Given material:
========================

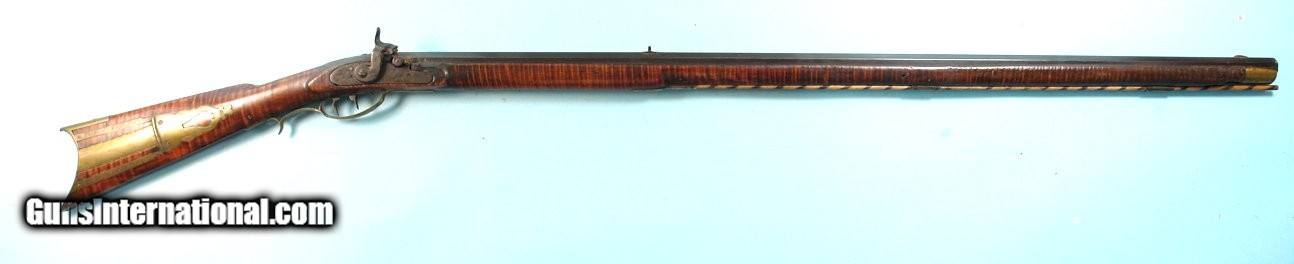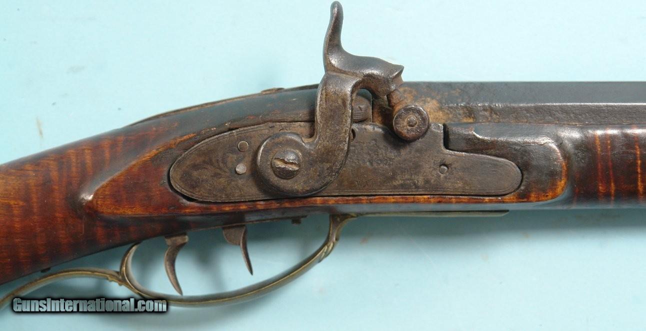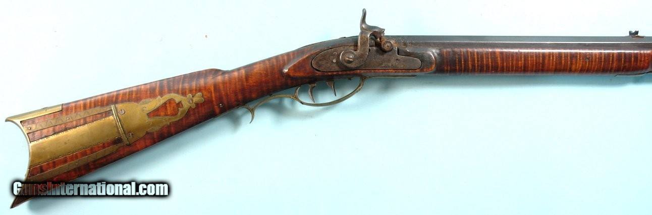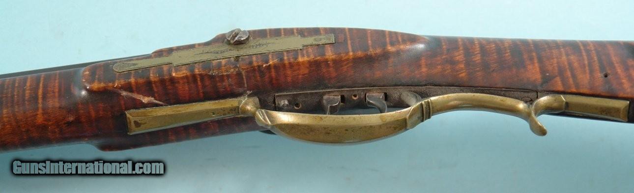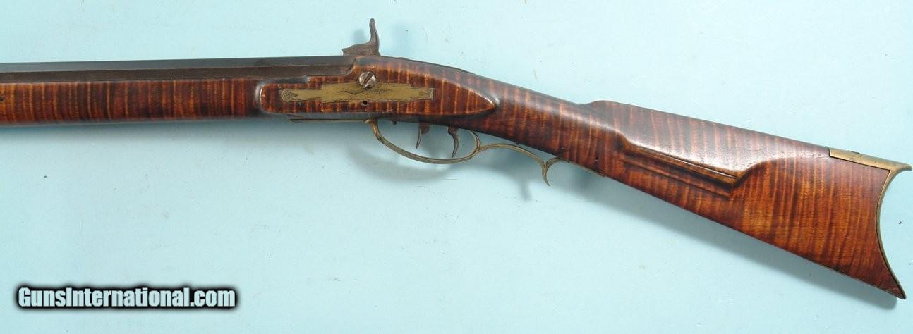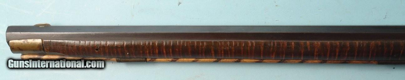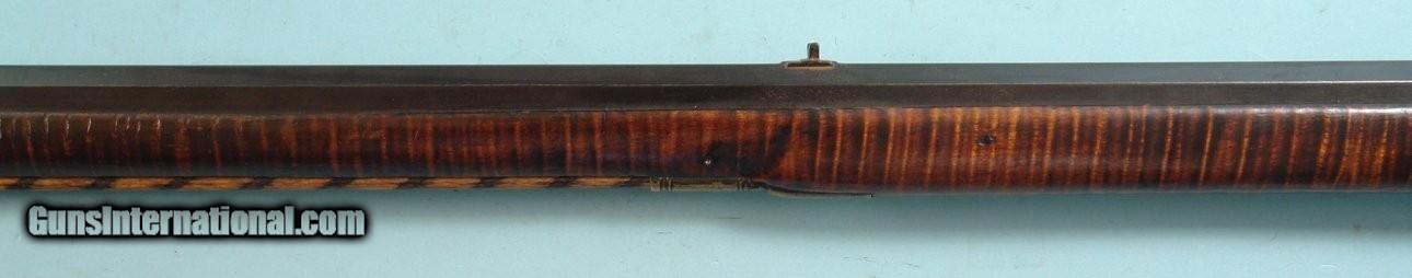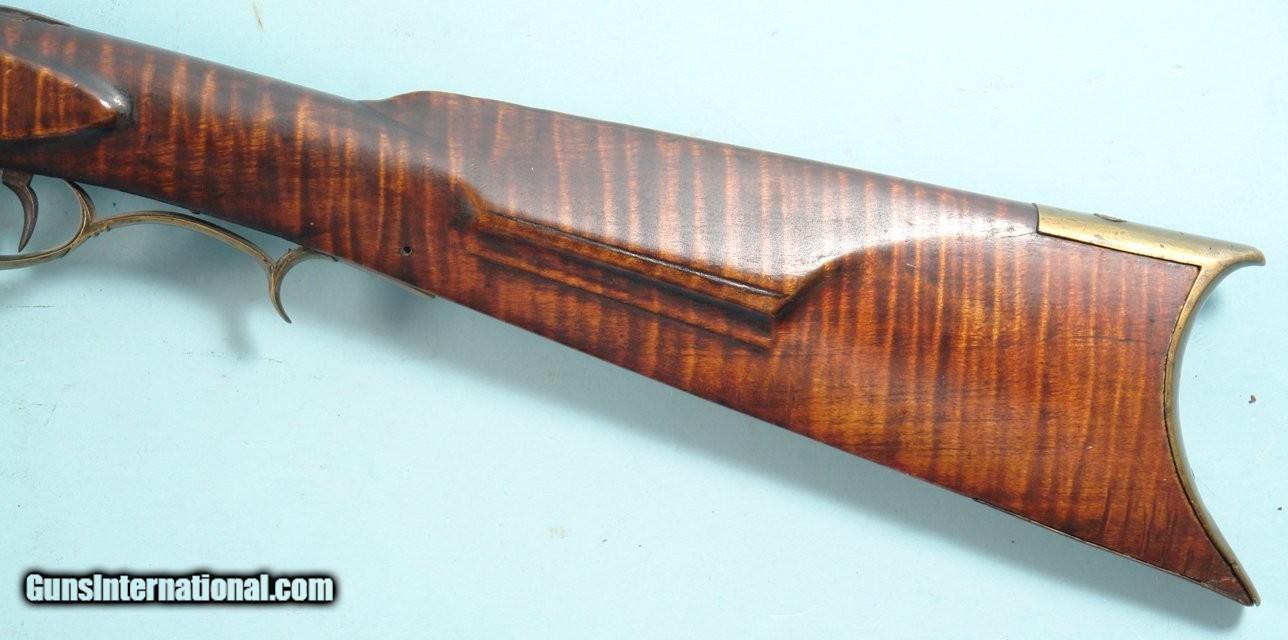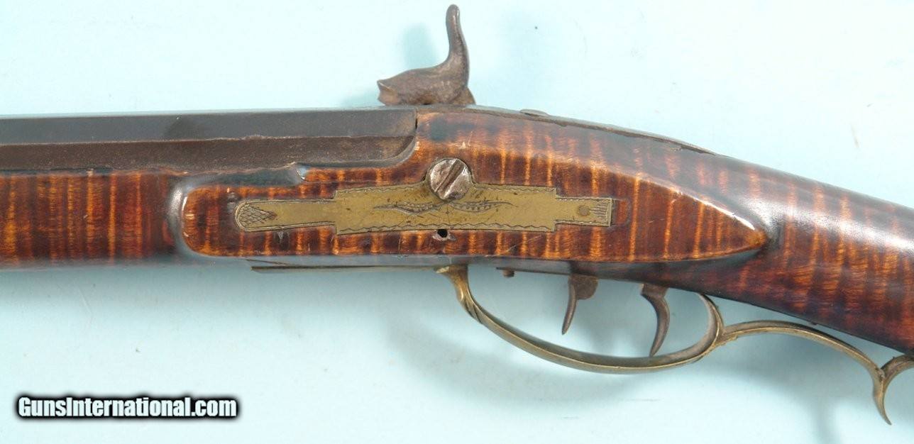 VERY FINE COLUMBIANA COUNTY, OHIO TIGER MAPLE PERCUSSION KENTUCKY STYLE LONGRIFLE BY SAMUEL SMALL CIRCA 1830’S.
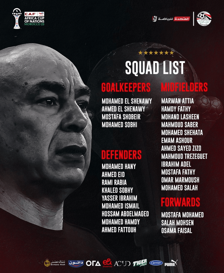 埃及国家足球队主教练易卜拉欣-哈桑证实,参加非洲国家杯的最终球员名单将于12月11日提交给非足联。埃及队将于12月3日开始公开集训,然后于12月7日进入封闭集训,备战12月14日在开罗体育场与尼日利亚的友谊赛,之后于12月17日前往摩洛哥,备战在摩洛哥举行的2025年非洲国家杯。
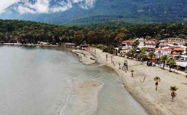Muğla'nın Ula ilçesindeki Akyaka sahilinde deniz suyu kıyıdan yaklaşık 40 metre çekildi.
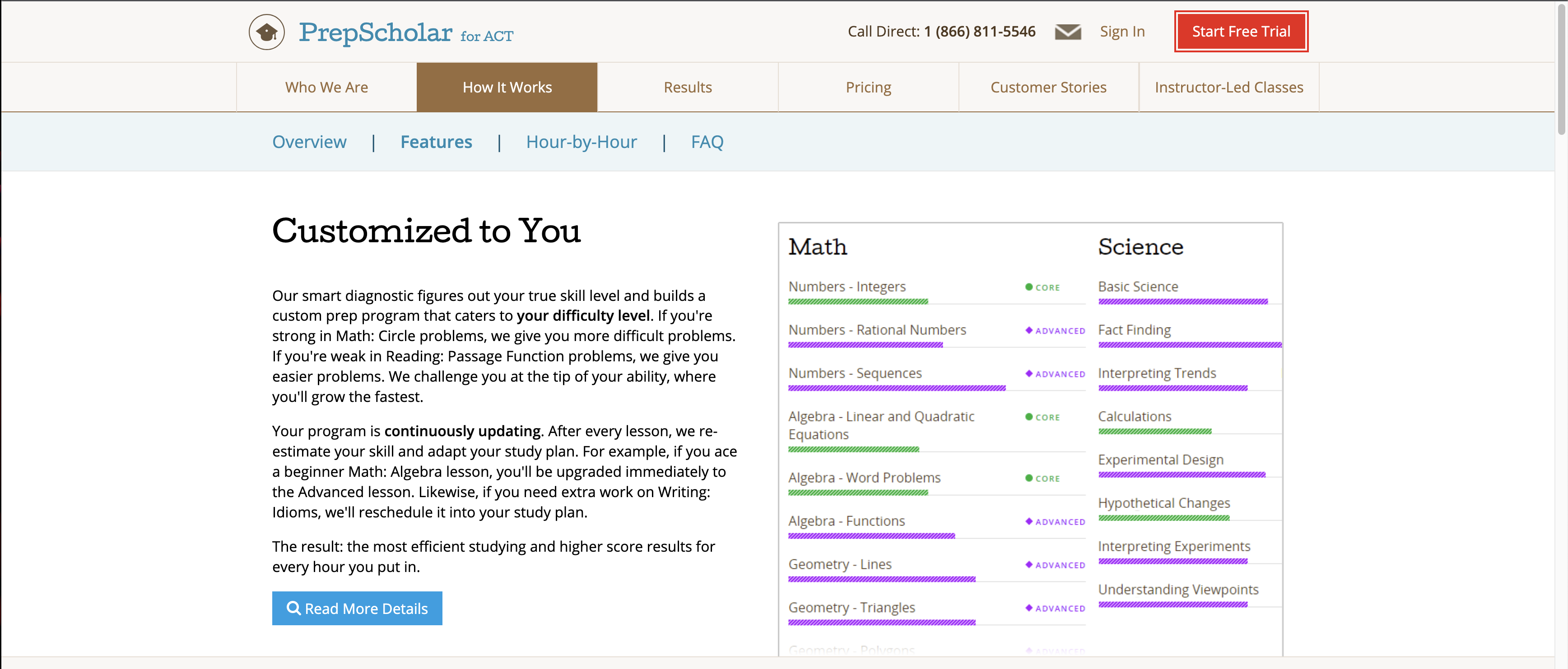 PrepScholar’s Complete Online ACT Prep course avoids this pitfall by using algorithms to analyze students’ progress and customize lessons based on what subjects and skills students need to improve.

========================

What you output must be exactly the lines from the line with "Muğla'nın Ula ilçesindeki" through the last line of the listing, pictures excluded.

Muğla'nın Ula ilçesindeki Akyaka sahilinde deniz suyu kıyıdan yaklaşık 40 metre çekildi.
 PrepScholar’s Complete Online ACT Prep course avoids this pitfall by using algorithms to analyze students’ progress and customize lessons based on what subjects and skills students need to improve.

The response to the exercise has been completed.